Von Science Fiction zu Non-Fiction
Leicht lässt sich feststellen, dass die Science Fiction immer auch eine mehr oder minder anspruchsvolle Projektion zeitgenössischer Konflikte auf Zukunftsgesellschaften unternimmt. Mitunter entstehen dabei haarsträubende Konstellationen des zukünftig Möglichen, je nach Perspektive und Intention der Autoren. Dennoch können ihre Extrapolationen Lesern und Zuschauern einen Spiegel vorhalten und damit drängende aktuelle Probleme in den Fokus rücken.
Nicht „vor langer Zeit in einer weit, weit entfernten Galaxis“, sondern im Jahr 2010 auf dem Planeten Erde: In Deutschland zeichnet sich seit vielen Jahren ein schleichender Kompetenzverlust der Länder zugunsten des Bundes ab, parallel entwickeln sich anderswo – etwa in Russland – Demokratien mit eigentlich föderalen Verfassungsgrundlagen in erschreckend schnellen Schritten zu autoritär regierten Einheitsstaaten. Derweil erfreuen sich rechtspopulistische Parteien in Ungarn, der Schweiz, den Niederlanden und in vielen anderen Ländern Europas großer Erfolge und fordern den starken Nationalstaat. Dieser scheint vielen die letzte Hoffnung zu sein, schließlich zeigt sich die sogenannte Weltgemeinschaft in ihrer derzeitigen Verfassung zunehmend unfähig, Antworten auf die großen Herausforderungen des 21. Jahrhunderts zu finden. Darunter: eine exponentiell wachsende Weltbevölkerung, Armut und Hunger, Terrorismus, Klimawandel, Ressourcenknappheit, unkontrollierte atomare Bewaffnung und unverantwortliche Spekulationen an den Finanzmärkten. Please beam me up, Scotty!
Wenn dann auch noch von eigentlich respektabler Seite aus neidisch auf China geschielt wird, weil es mit Zentralismus und Autorität angeblich effektiver auf die kurz- und langfristigen Herausforderungen von Wirtschaftskrise bis Klimawandel reagieren könne, dann braucht es nicht viel Phantasie, um ein wahrhaft erschreckendes Zukunftsszenario zu entwickeln. Aus Science Fiction könnte überraschend schnell Non-Fiction werden.

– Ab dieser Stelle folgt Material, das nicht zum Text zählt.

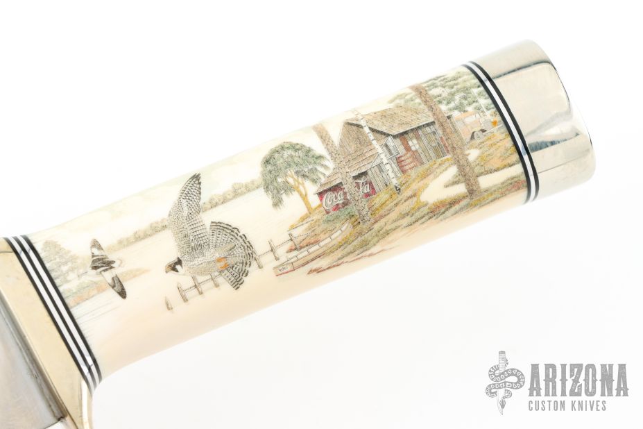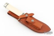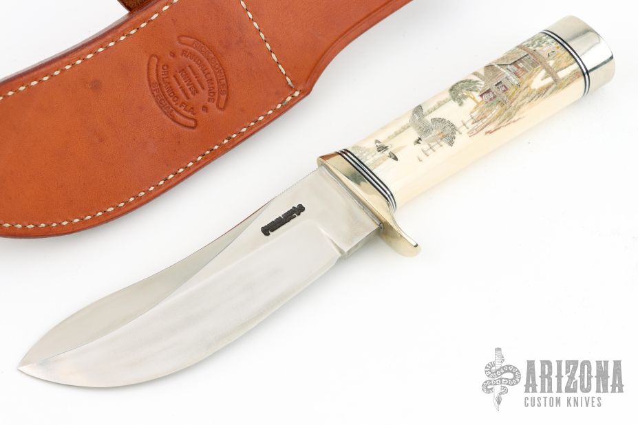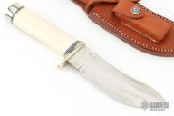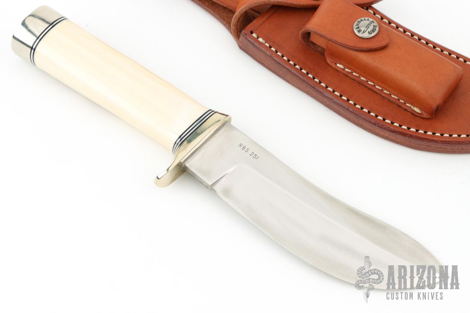 This Rick Bowles Special by Randall has a satin finished stainless steel blade with false top edge and notched thumbrest, .244" blade stock and 1.561" blade depth, hidden tang construction. The knife carries the small Randall logo stamp and the backside is etched with "RBS 251". The handle has a nickel silver guard and butt, walrus ivory grip with black and duralumin spacers. The grip has been scrimshaw by Rick Bowles and is #940. Comes with a brown leather sheath and a Randall zippered case. Excellent condition.

Self-fulfilling prophecies
Kulturgüter wie Literatur und Film, mehr aber noch das Fernsehen stellen aufgrund ihrer leichten Zugänglichkeit und permanenten Verfügbarkeit konstitutive Elemente der alltäglichen Realität dar. Seit langem ist empirisch bewiesen, dass ihre eindringlichen Bildwelten einen erheblichen Einfluss auf die Meinungsbildung ausüben. Ohne unterstellen zu wollen, Zuschauer und Leser könnten den interstellaren Raumverkehr mit Warp-Antrieb nicht mehr von einer Fahrt im ICE unterscheiden, so ist doch die Tragweite der Gedankenexperimente aus der Science Fiction nicht zu unterschätzen. Sie könnten als Grundlage für breite gesellschaftliche Diskussionen dienen und durch ihre reduzierte Plastizität gerade politikferne Schichten mit einbeziehen: „Wie könnte sich unsere Gesellschaft in Zukunft entwickeln? Welche Organisationsmodelle sind dazu geeignet, aktuellen und zukünftigen Herausforderungen zu begegnen? Wie können wir vermeiden, dass unsere Welt bald wirklich so aussieht wie in Avatar?“
Denn so unrealistisch Science Fiction mitunter erscheinen mag, so sehr lässt sie sich auch als Anregung dazu verstehen, kurzfristiges Denken auszusetzen und ernsthafte Folgenabschätzung zu betreiben. Zu hoffen bleibt jedenfalls, dass die Visionen der oben genannten Filme und Romane trotz ihrer Popularität nicht zu den berüchtigten self-fulfilling prophecies werden – sich selbst erfüllenden Prophezeiungen.